Re: Sheltering in Victoria City Parks
Dear Mayor Helps and City Council,
am writing on behalf of the British Columbia Civil Liberties Association (“BCCLA”), the Union of British Columbia Indian Chiefs (“UBCIC”) and Pivot Legal Society to follow up on our letters we sent last month, and to make recommendations in advance of your upcoming vote about whether to reinstate the enforcement of all portions of the Parks bylaw.
We are calling upon you to take a transformative approach to the city’s relationships with people sheltering in parks, local Indigenous nations, Indigenous lands and inadequately housed Indigenous people displaced from other Indigenous nations and lands.

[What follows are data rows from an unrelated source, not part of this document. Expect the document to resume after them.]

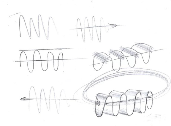 "波浪茶幾“的草圖是作者無意間在紙上隨手畫了一個波浪線,突然感覺這個也是一種自然而幽美的線條,是否可以通過材料-木皮的重組,讓傳統(tǒng)的多層板產生不一樣的優(yōu)美線條?
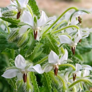 こんにちは♪ ホワイトボリジ 今年もこぼれ種のボリジ咲き始めました🎶 下手に触ると痛いです😅
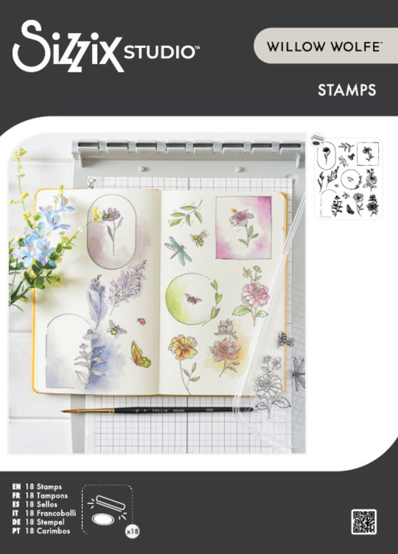 Le set de tampons transparents Sizzix Studio 5x8 (18 pièces) - Cadres floraux et mini-fleurs de Willow Wolfe est un impressionnant ensemble de 18 tampons transparents conçu pour être utilisé avec l'outil de repérage Sizzix. Ce set vous permet d'ajouter facilement et avec précision d'élégants cadres, des fleurs et du feuillage à vos créations. Composé de cadres carrés, circulaires et ovales associés à de délicates fleurs et feuilles, ce set est idéal pour encadrer des messages, embellir des pages de journal, agrémenter des cartes et ajouter de subtiles touches botaniques à vos projets de techniques mixtes. Conçu dans le style artistique unique de Willow Wolfe, ce set apporte une élégance raffinée et un charme artisanal harmonieux à toutes vos créations. Utilisez-le avec l'outil de repérage pour un alignement parfait des motifs superposés, tout en préservant votre liberté créative et votre expression artistique.
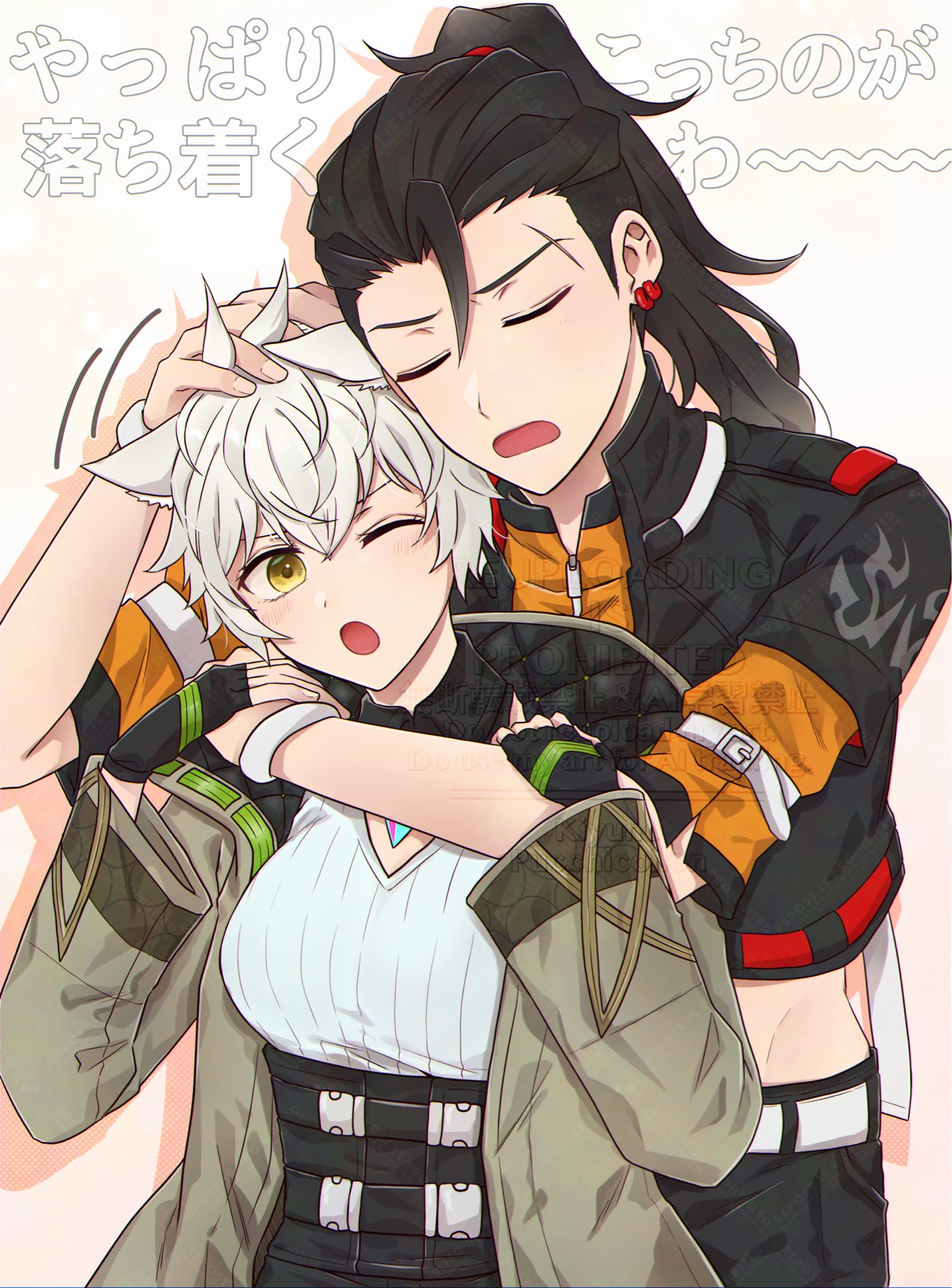 :o1boy1girlanimal ear fluffanimal earsbeltblack glovesblack jacketblack pantsblack shortsbreastsbrother and sistercat earscat girlcropped jacketfingerless glovesglovesgrey jackethigh-waist shortshoodhooded jackethughug from behindjacketlarge breastsone eye closedopen clothesopen jacketopen mouthpantsshortssiblingsstandingwhite hairyellow eyes
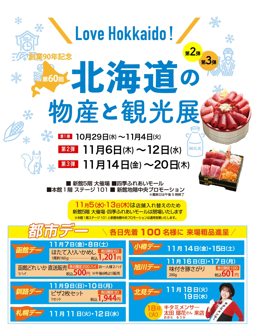 TOP 宮崎山形屋 【本館】1階STAGE101、【新館】5階大催場 創業90年記念 北海道の物産と観光展第2弾・第3弾 EVENT【本館】1階STAGE101、【新館】5階大催場 ALL 10/30(木) 10/31(金) 11/1(土) 11/2(日) 11/3(祝・月) 11/4(火) 11/5(水) 11/6(木) 11/7(金) 11/8(土) 11/9(日) 11/10(月) 11/11(火) 11/12(水) 創業90年記念 北海道の物産と観光展第2弾・第3弾 シェア Tweet 11月6日(木)~20日(木) 宮崎山形屋 新館5階大催場 / 本館1階ステージ101 / 新館地階中央プロモーション / 四季ふれあいモール チラシはこちら♪[1ページ、PDF/3.27MB] ※画像はイメージです。 イベント一覧
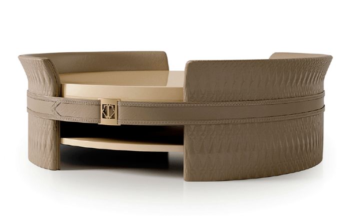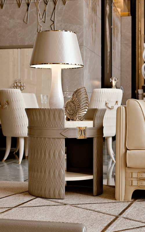 The round tables of the Numero Tre collection are available in various sizes and heights, they are made with a wooden structure covered with quilted leather and with wood elements in a glossy lacquer finish, their countertops can be personalized with precious marble. The round tables of the Numero Tre collection are available in various finishes according to the samples.
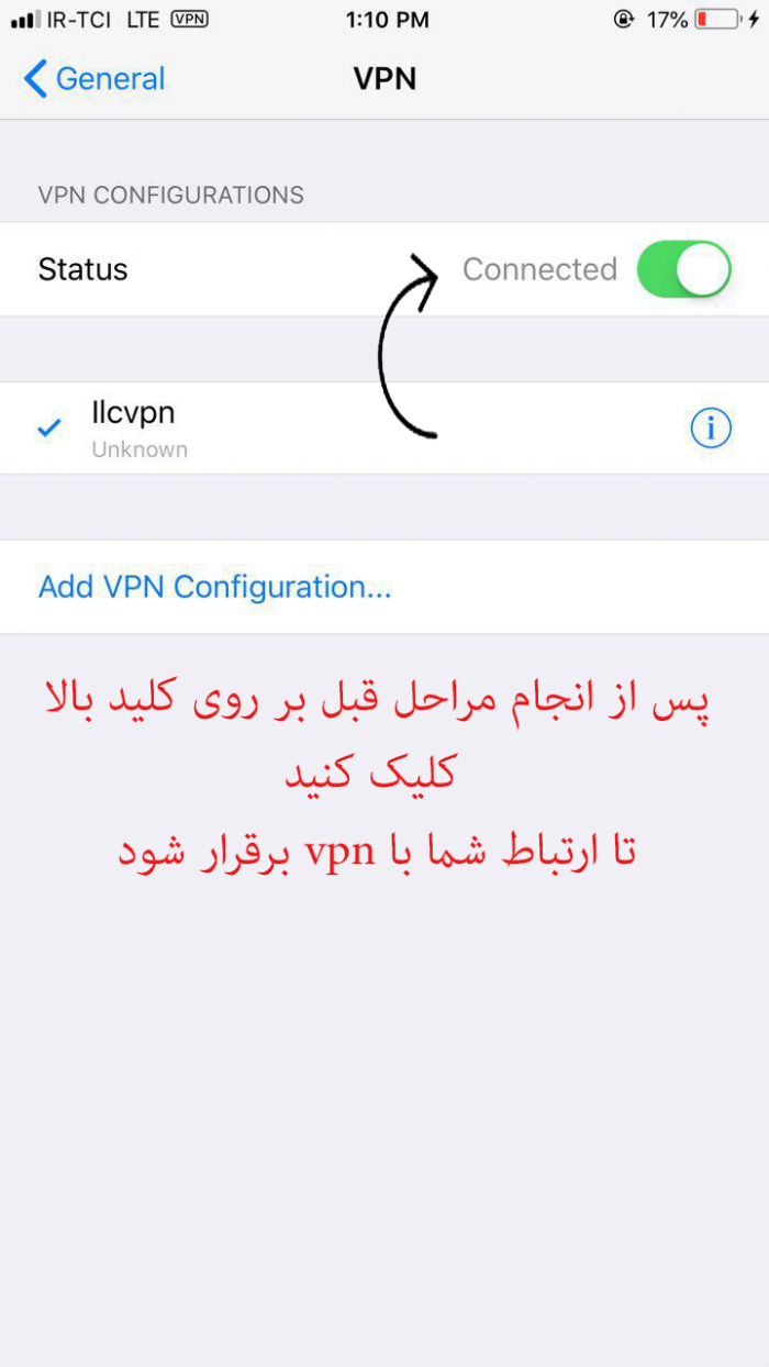 پس از مراحل بالا بر روی کلید cennceted کلیک کنید تا به وی پی ان وصل شوید

If the political will to prioritize a reconciliatory approach is lacking, then we strongly urge you to at the very least extend the period of non-enforcement of the rule against daytime sheltering in parks, and to rescind all of the additional sheltering provisions imposed in the May 14 notice.
Reducing Harm in the Context of Two Public Health Emergencies
As we communicated to you in our letters dated May 19, 2020, the BCCLA, UBCIC and Pivot Legal Society are deeply concerned about the vulnerability of people with inadequate housing whose wellbeing is threatened not only by the COVID-19 pandemic, but also by the persisting opioid overdose public health emergency. Indigenous people in British Columbia are made disproportionately vulnerable on both fronts, and reconciliation therefore remains a foundational priority in times of crisis.

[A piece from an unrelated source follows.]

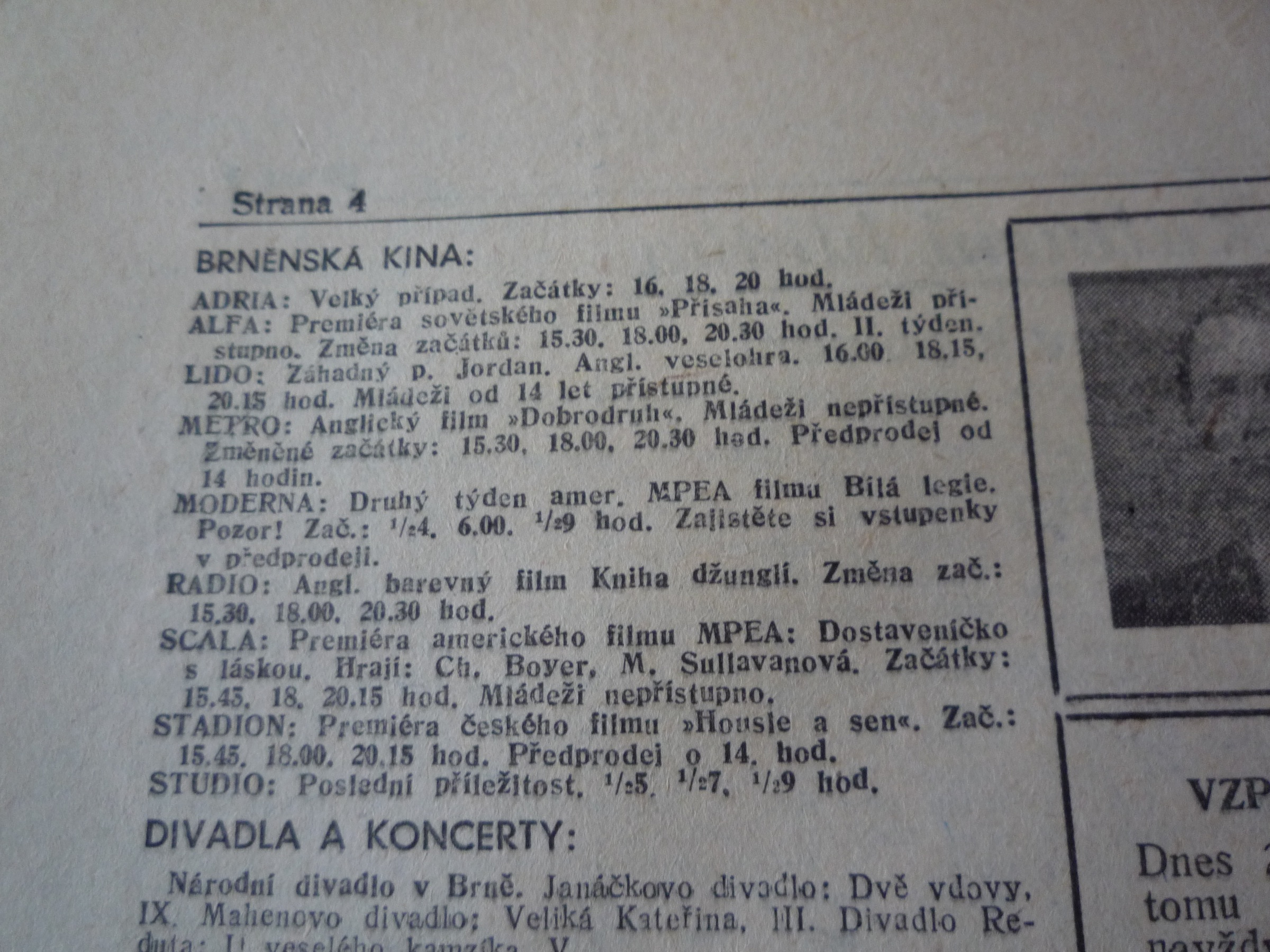 | Cinema | Čin | 1947-02-28 | 50 | 100 |

Daily displacement due to inadequate housing and bylaw enforcement is always harmful, and even moreso during the COVID-19 state of emergency. We commended your decision not to take down homeless people’s temporary shelters until the provincial emergency declaration in relation to the pandemic is lifted. This remains an obvious measure to enable people to protect themselves and others from the spread of COVID-19.
The overdose emergency compounds the risk of harm faced by vulnerable people in your city. Last month’s total deaths represent the highest number of illicit drug toxicity deaths ever recorded in a month in B.C. – 170. More people died from fatal overdoses in May than all the COVID-19 deaths combined to date.1 The Coroners Service drew particular attention to Vancouver Island in their May 2020 report; Island Health surpassed its highest monthly toll ever recorded by 36% (38 deaths in May; previous high was 28 deaths in Jan and Mar 2018).2 Victoria is listed alongside Vancouver and Surrey as the “townships experiencing the highest number of illicit drug toxicity deaths in 2020.”
Allowing people to shelter in parks can mitigate the risks of using illicit drug through peer witnessing, harm reduction and the provision of privacy. Encampments are operating as de facto overdose prevention sites – with peers responding to rapidly to otherwise fatal overdoses. There is a lower risk of overdosing if people do not have to use illicit drugs alone and in the dark.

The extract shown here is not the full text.